The UCPN (Maoist)’s break-up is now a question of when, not whether. The underneath differences between Pushpa Kamal Dahal-Baburam Bhattarai and Mohan Baidya camps over ideological comprehension and political course of the party first surfaced during the Chunwang plenum in 2003. Amidst Baidya faction’s serious reservations, the plenum adopted Bhattarai’s political line, also endorsed by Chairman Dahal, of “co-working with political parties that believe in multi-party democracy”.

Baidya and his followers were not happy either with any of the subsequent agreements on peace including the landmark 12-point accord brokered by the Indians and signed between the Maoists and the seven ‘mainstream’ parties. However, they didn’t dare to go against the tide. But divergence between the two groups – one that stands for peace-building and constitution making and the other that prefers rebellion – have only widened over the years; Palungtar plenum of last year witnessed a new height in the divide. For all practical purpose, now Baidya faction is just like a party within the party with parallel structures, actions and policies of its own.

Thanks to the maneuverings of a shrewd party chairman who managed to keep the two sides together by changing his affiliation turn by turn with each (that he did so to serve his own political ambitions more than to keep the party intact is a different thing). The party is de jure one so far. But the relationship took a nasty turn when, to become the prime minister, Bhattarai again joined hands with Chairman Dahal abruptly ending his two-month old alliance with Baidya known as Dhobighat Alliance.

Recent developments that range from signing of a power-sharing deal with Madeshi parties to signing of the peace deal with three other forces by the establishment faction on one hand and accusing Dahal and Bhattarai as traitors, Indian stooge and agents of RAW by leaders of Baidya faction, on the other, speak volumes.

It appears that both factions have already made up their mind to part ways despite their claim to the contrary. The public denial is simply because no side wants to shoulder the blame for separation. Since sometime, both sides have been organizing separate training camps across the nation to explain cadres of one’s own faction about the split and to persuade the undecided ones to join them.

In communist parties, important decisions on issues that are disputed by the hardliners often turn as decisive events that split the party. Endorsement of Mahakali treaty (with India) by 2/3rd majority of the parliament some 14 years before was used by party hardliners as ploy to split the CPN-UML. In case of UCPN (Maoists), implementation of the November 1 peace deal or promulgation of the forthcoming constitution may be used as pretext.

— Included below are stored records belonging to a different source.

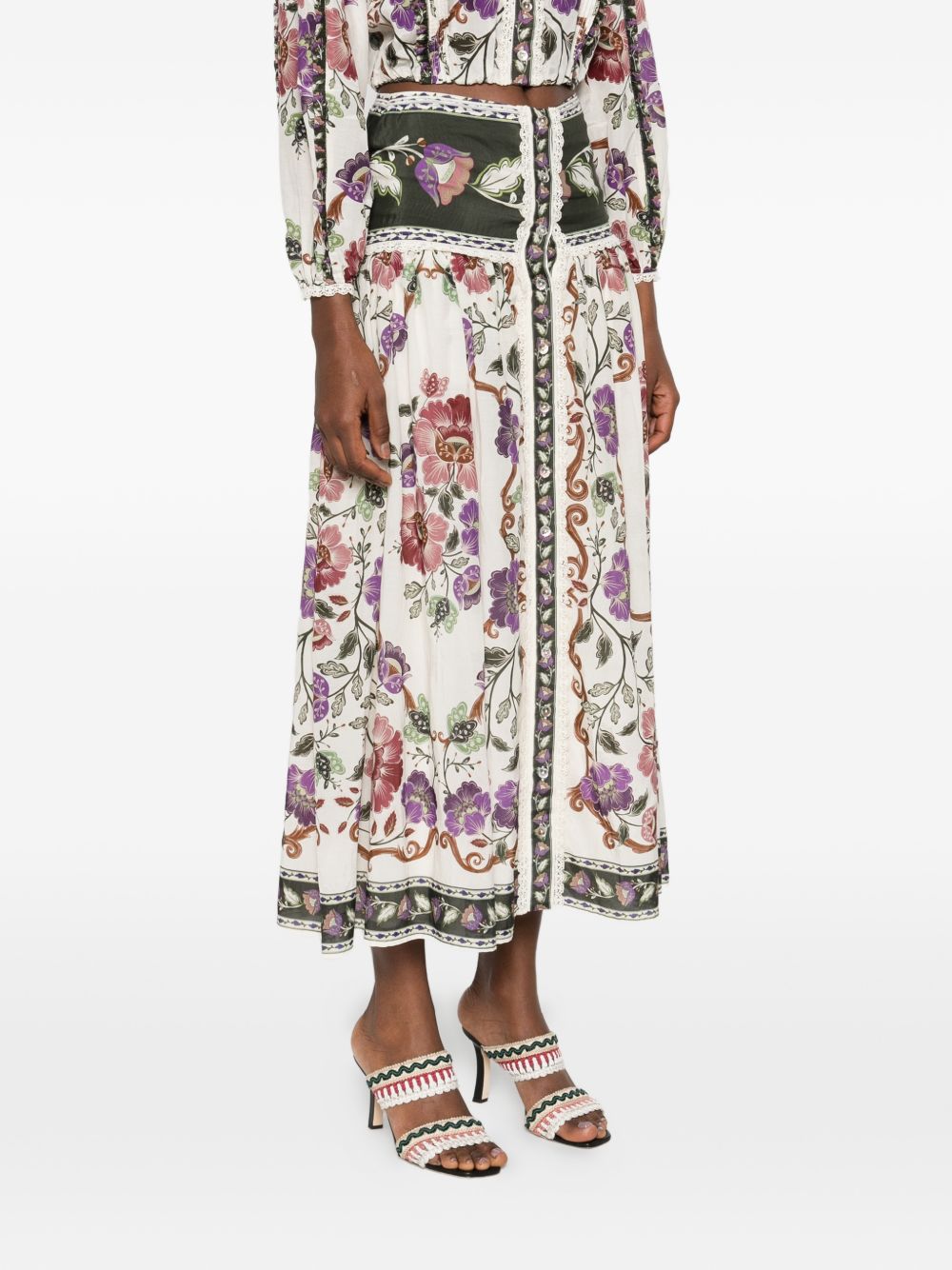 Gonna Rococo midi di FARM RIO multicolor in cotone e viscosa, caratterizzata da chiusura con bottoni in pizzo, motivo floreale e dettagli in pizzo.
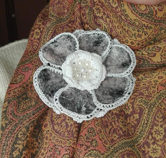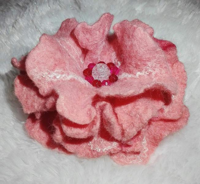 Валяная брошь-цветок это изящное украшение на одежду,сумку, жакет или платье, а также - оригинальное украшение для женщины и хороший подарок по любому случаю.
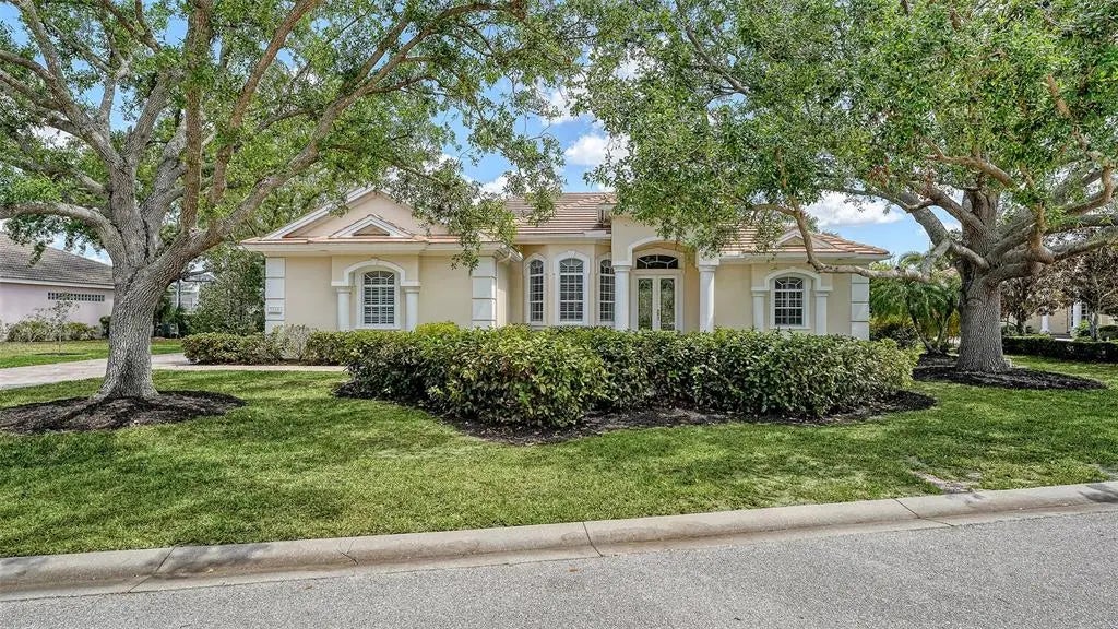 Hyde Park, an enclave of only 12 homes inside the gates of University Park Country Club where home sizes vary from 3,000-5,600 sq ft. PRICED BELOW RECENT 2025 APPRAISAL. Beautiful details inside and out. This home sits on a serene HALF-ACRE and on the water. Slow down and enjoy the drive and lush landscaping throughout the community and arrive in this scenic and charming neighborhood. This home is graced with a beautiful entry of leaded glass doors and custom details throughout. A classic floorplan with an open family room/kitchen that has been updated with timeless finishes. Side entry garage, paver driveway and paved walkway to the entry. (TILE ROOF REPLACED: 2015). Foyer opens to the living and dining room and this home is saturated in natural light with tall windows and sliding glass doors to the pool area. Flooring is 18” diagonal tile; soaring ceilings and crown moldings. A feature that sets this welcoming home apart is a floor-to-ceiling striking wall of bookcases enhanced by accent lighting. Fully equipped and well-appointed kitchen; a wet bar and a walk-in pantry. A charming breakfast nook overlooks the pool with an aquarium glass window. Split bedroom plan includes a spacious primary suite with two custom closets, a stunning renovated bathroom with dual granite vanities, walk-in shower, marble flooring, and a private water closet. Two additional bedrooms plus a versatile fourth bedroom with direct pool access can serve as an office, study or additional living space. The backyard and pool area features an expansive paver lanai, two covered seating areas and room for an outdoor kitchen (natural gas hook-up). The pool overlooks the water and the natural beauty surrounding this home is simply relaxing. Residents of University Park Country Club have access to 27 holes of championship golf, tennis and pickleball courts, state-of-the-art fitness center, walking trails, and a wide variety of social activities, all within a secure, gated community. Located just minutes from downtown Sarasota, UTC Mall, world-class shopping, dining, beaches, and SRQ International Airport, this home offers the ultimate lifestyle in one of Sarasota's most desirable communities.
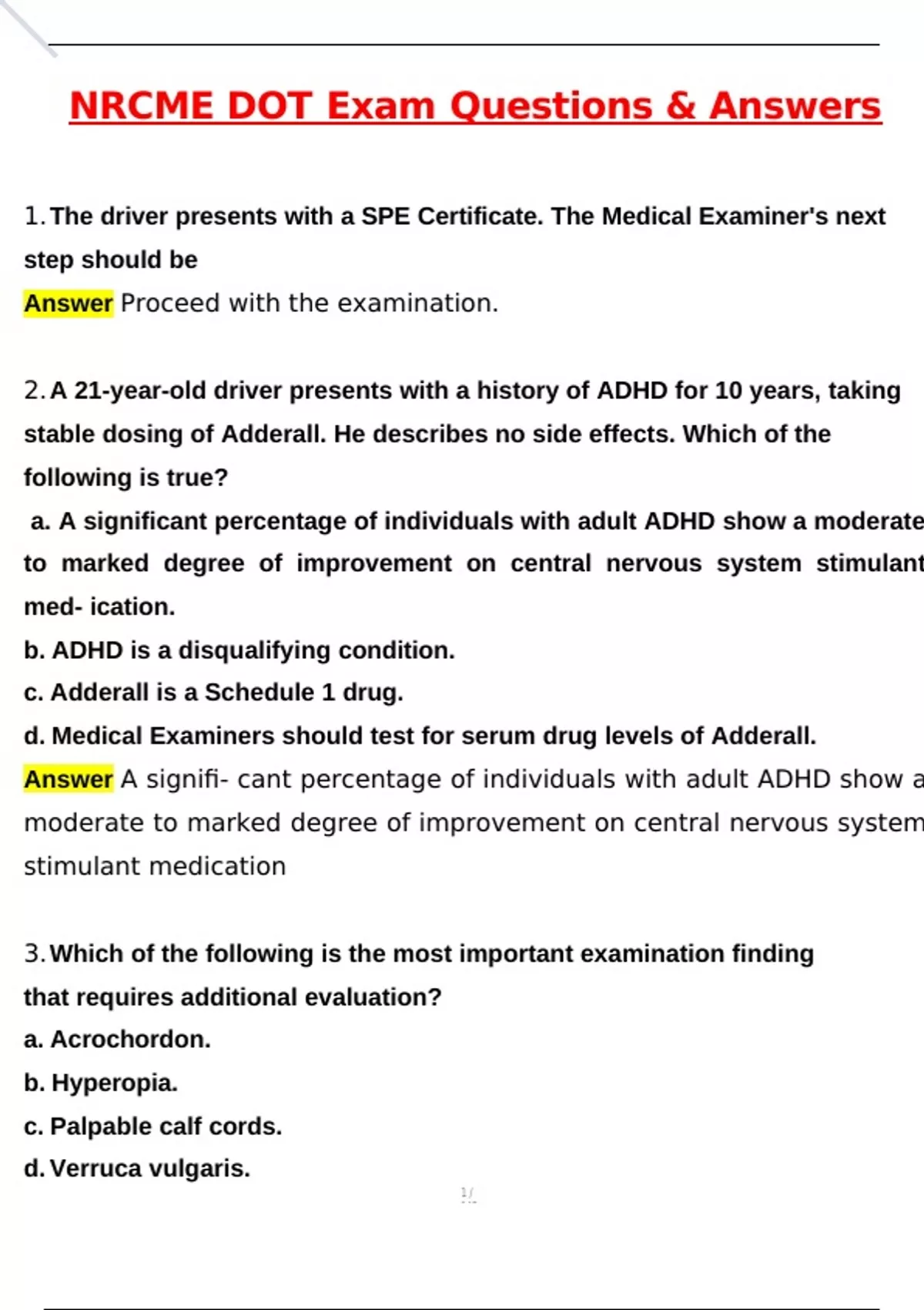1.The driver presents with a SPE Certificate. The Medical Examiner's next
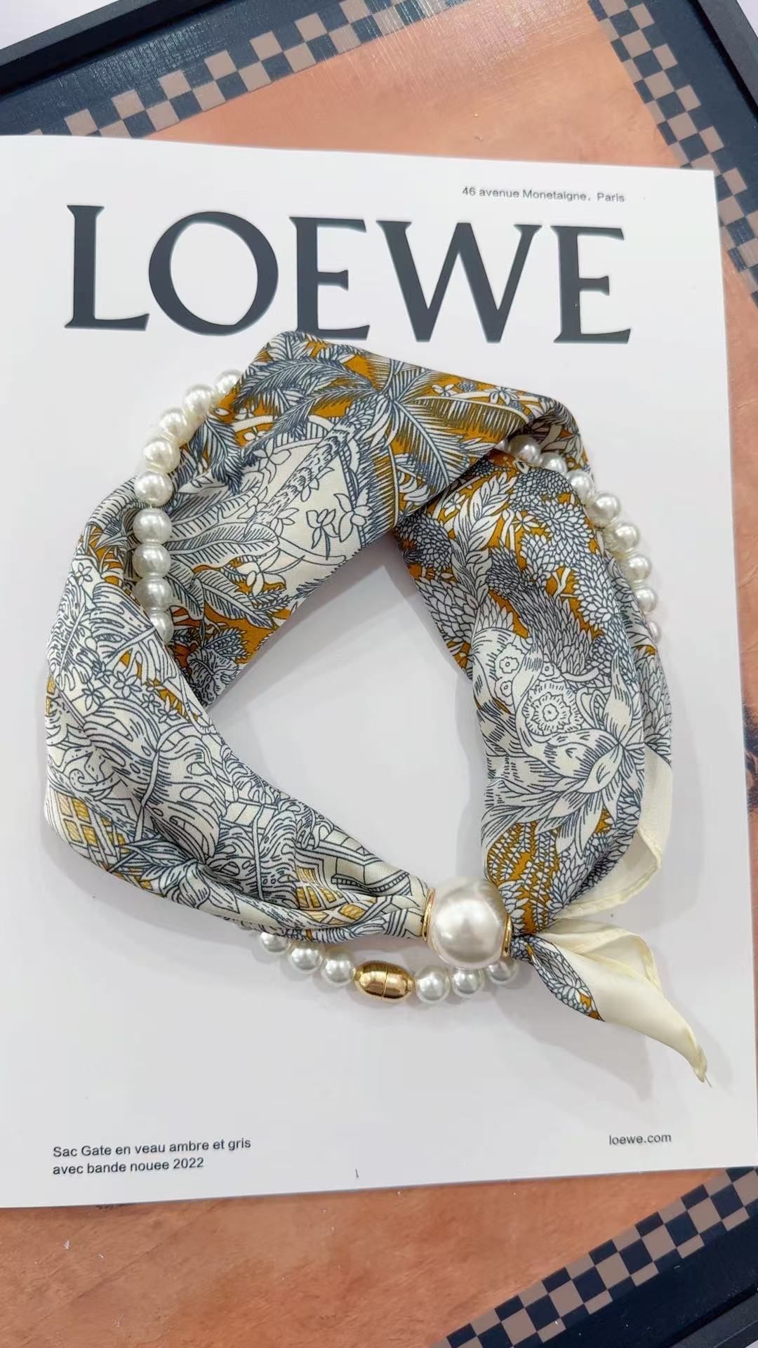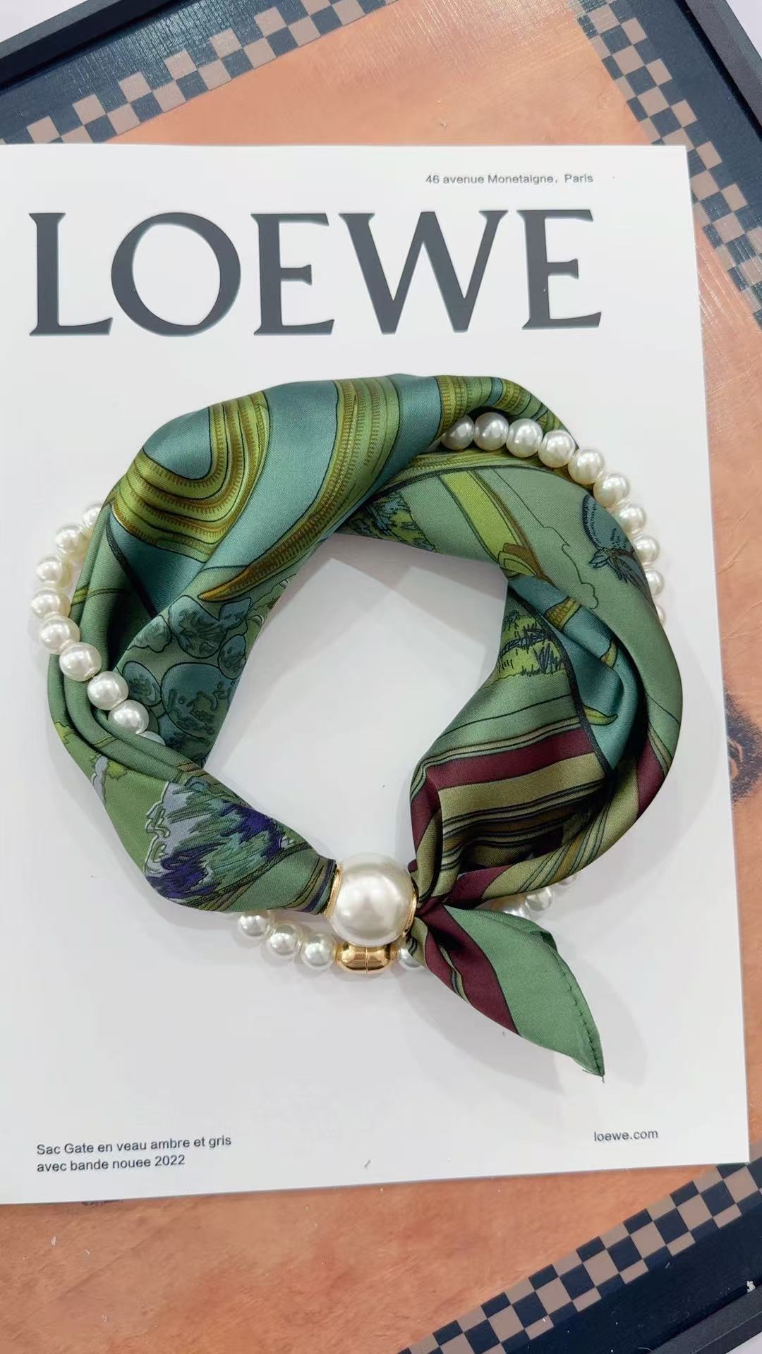 Color: 27#Green edge leopard print + pearl magnetic buckle necklace

If Baidya faction refrained from splitting the party despite its allegation that the November 1 deal was anti-national and anti-revolution, it was because they discovered that majority of party cadres and PLA combatants were in support of the deal. They seem to have decided to separate around the time of integration, so that the disgruntled combatants who cannot be integrated into Nepal Army and instead have to choose other options can be wooed, and, if possible, can even be recruited for another ‘people’s war’.
Democracy, which paradoxically they hate, has offered Baidya, Thapa and their followers the choice to dissent, divide and defect freely and fearlessly. The only expectation people have from them is that they refrain from playing havoc by clashing violently in the streets with their erstwhile fellow comrades in the aftermath of the split.

Unlike in bourgeois parties, differences within communist parties that operate within democratic order are primarily ideological. Of course, there are personal and factional conflicts as well, which communists deny having, but it is the chronic ideological and political disputes that lead to the break-up.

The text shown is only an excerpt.